After the ESPN shakeup, we still have Hubie Brown for NBA games

Following its highest score NBA Playoff in two decades, ESPN decided to take a hatchet in his game coverage of the league. Mark Jackson and Jeff Van Gundy are no longer with the network. The one who replaced them at No. 1 commentator team with Mike Breen are Doris Burke and Doc Rivers. Ryan Ruocco, Richard Jefferson, and JJ Redick is the team No. 2. Jalen Rose is no longer on ESPN, he will be replaced on NBA Countdown by Bob Myers, and Malika Andrews took the host seat instead of Mike Greenberg. All this change though, and the legend Hubie Brown was signed to call another season of NBA basketball games.

Games don’t have a lot of hard work left these days with its business more bare than ever. In what way Sexcept California and CEntering New Jersey is an ideal match (Editor’s note: Does Central Jersey have?) for the same college conference. For any money to be made in this business of selling on human emotions, at some point a pie has to be left cooling on the windowsill to make the spectators of the games feel.

That apple pie smell that takes you back to the kitchen of childhood is Brown talking about the painted area during an NBA broadcast. He may not have a video game franchise like John Madden, but Brown is NBA’s GOAT in-game analyst. No disrespect to “The Czar” Mike Fratello, but in the USA, CBS, Turner, and ESPN, Brown is the teacher who keeping the class hanging on his every word.

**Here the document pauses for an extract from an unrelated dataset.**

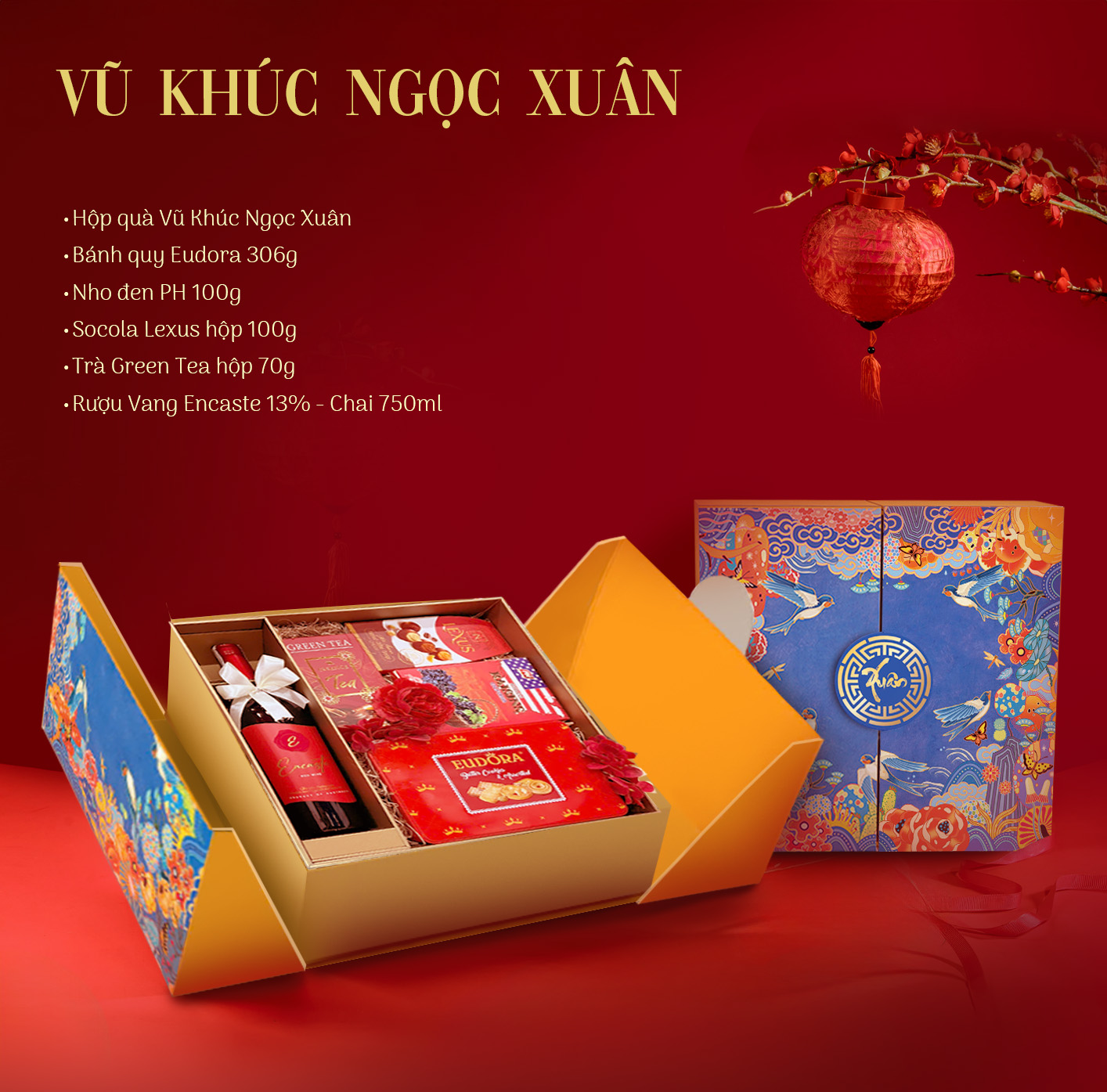Hộp quà Tết Vũ Khúc Ngọc Xuân nổi bật với gam màu xanh lam sang trọng, kết hợp họa tiết chim hạc và hoa mai đỏ – biểu tượng của sự may mắn và trường thọ. Thiết kế hộp tinh tế, kèm họa tiết dân gian cách điệu, mang đến vẻ đẹp truyền thống và hiện đại, phù hợp để trao gửi trong dịp Tết sum vầy.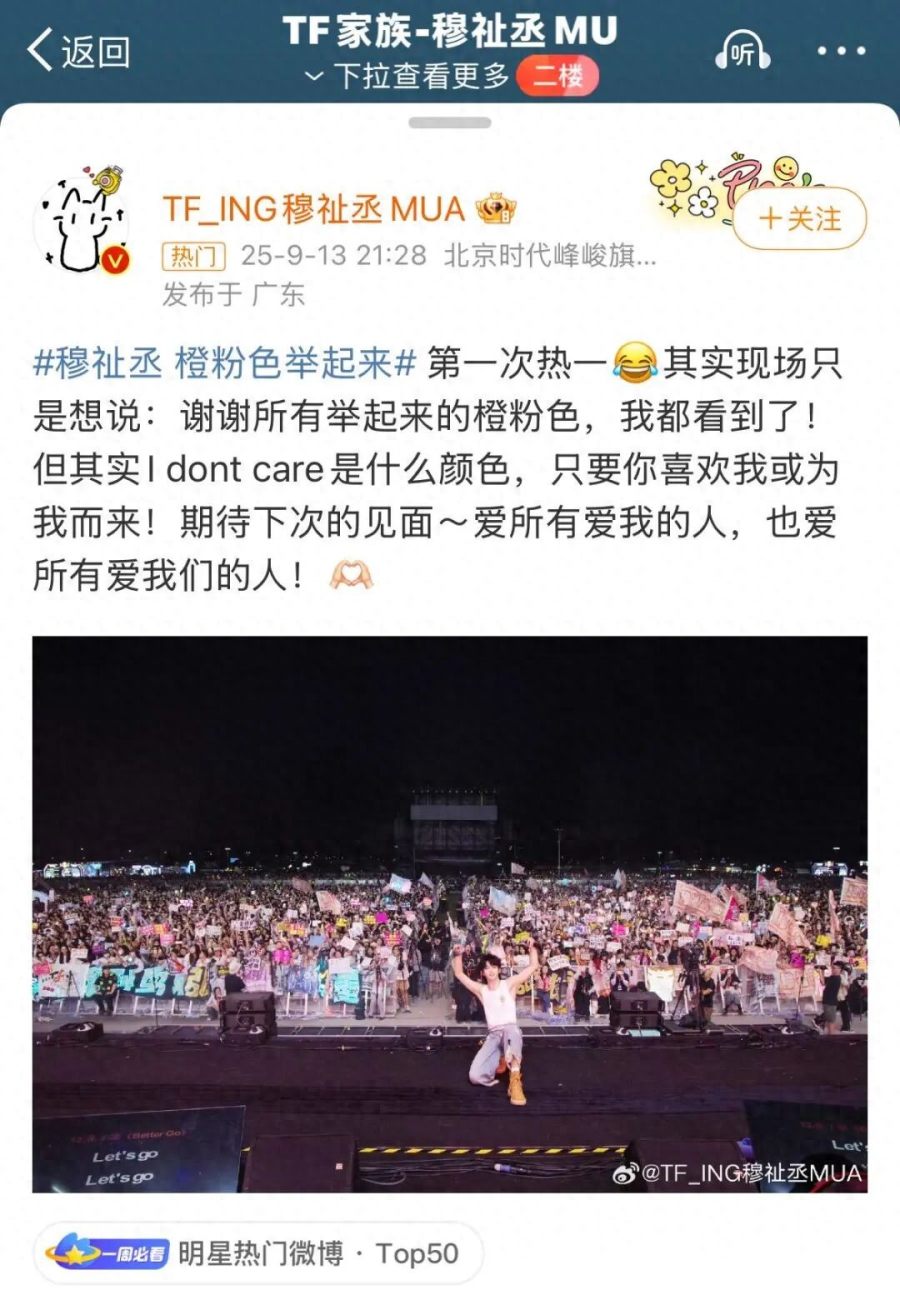 “我想看到橙粉色(唯粉应援色),其他颜色I don’t care!”时代峰峻三代练习生(现TFing厂牌成员)穆祉丞在音乐节互动环节的这句喊话,如同一颗炸弹投向部分粉丝。他紧接着强调的“天天开心只对小纸团(唯粉)说”,彻底点燃了当天在现场占据极大比例的CP粉们的怒火。

One of my favorite clips to go back to is the Game 3 fight between the New York Knicks and Chicago Bulls in 1994. Most people’s favorite part of that fight is the concerned look on NBA Commissioner David Stern’s face. while he was watching the brawl taking. put a few rows in front of him. Mine was when Brown noticed a Chicago Stadium security guard getting rough with John Starks. Brown and his broadcast partner yelled at the guard on live television to remove Starks. What a time.

True hoops fans know that no one can sherpa a spectator through a game like Brown. When that replay starts running, you keep your eye glued to whatever part of the previous action he wanted to talk about because it was time to learn about a damn basketball. He’ll break down terms from your little league basketball teams like the chest pass and jump shot, and apply them to a Ph.D. lecture on the game.

Although he is good at explaining the game, sometimes he just says “wow,” like one of us. The beauty is that even though he is grayer than I am alive, he is not rude like other old-schoolers. announcers. He clearly enjoys watching basketball. He doesn’t pine for a different era or use his supposed superior knowledge to talk to the audience and about the players. Brown is just as amazed as the viewer at home when a player dunks or Stephen Curry buries a 33-foot 3-pointer.

The man is the best, and thankfully the people at ESPN realize this. Until he is healthy enough to do so, Brown will have to call NBA basketball games.

A great teacher is priceless. The knowledge gained will be used forever. For most of us NBA fans, no color commentator has a better course than the greatest basketball professor ever. Thank goodness ESPN decided to continue his class.